61223P Sorenson map 1

IEOR Professor Lee Fleming and his collaborators — including alumnus Jason Boada (MEng '15) — were recently featured in the journal Science for their research on crowdfunding. The research shows that when a region of the U.S. has successful crowdfunding campaigns (e.g. on Kickstarter), it tends to be followed by an increase in venture capital in that particular region. This is exciting news for entrepreneurs who do not live in Silicon Valley or Boston, where almost all venture capital is currently invested in the U.S. Further, the research shows that not only does venture capital investment follow crowdfunding success, but that the effect has grown stronger over the past six years.

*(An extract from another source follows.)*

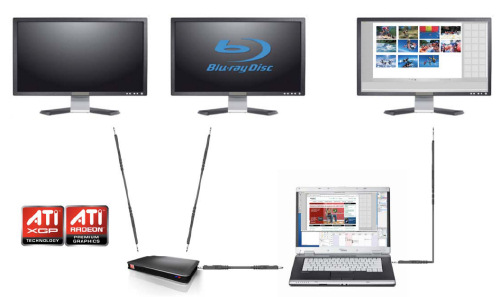 El XGP añade también una interesante y extensa forma de manejar las pantallas que usemos. Podemos utilizar las múltiples salidas para montar hasta un sistema de cuatro monitores entre la propia pantalla del portátil así como las salidas de monitor de éste, sumadas a las que soporta el XGP. También podemos aprovechar la aceleración del XGP con la pantalla del portátil ofreciendo un sinfín de combinaciones accesibles gracias a la integración total del controlador ATI tanto para el control del XGP como de la grafica integrada en el portátil. El XGP también ofrecerá posibilidades Crossfire ya que encontraremos en el mercado, o eso encontramos en la documentación de ATI, posibles configuraciones XGP con dos GPUs ATI instaladas en la misma “caja”. Incluirá su propio Switch PCI Express de 32 líneas para alimentar a los dos chips de la forma adecuada. Lo que se contempla en todas ellas es el hub USB que permita conectar periféricos de forma permanente en el XGP.

Unlike venture capital investment, crowdfunding is more evenly distributed across the country, with no real preference for either Silicon Valley or Boston.  So, if the trend continues, it may help address some of the regional inequalities in entrepreneurial financing by inducing venture capitalists to look for new opportunities in non-traditional regions.

The research started as a Master of Engineering capstone project led by IEOR student Jason Boada. Boada used web-scraping tools to gather data from Kickstarter and other crowdfunding platforms to support the CrowdBerkeley initiative by giving researchers access to a large dataset to help them work to understand crowdfunding.

Besides Boada, Fleming also collaborated with Professor Olav Sorenson and PhD student Valentina Assenova at Yale University, as well as Guan-Cheng Li, a researcher at UC Berkeley.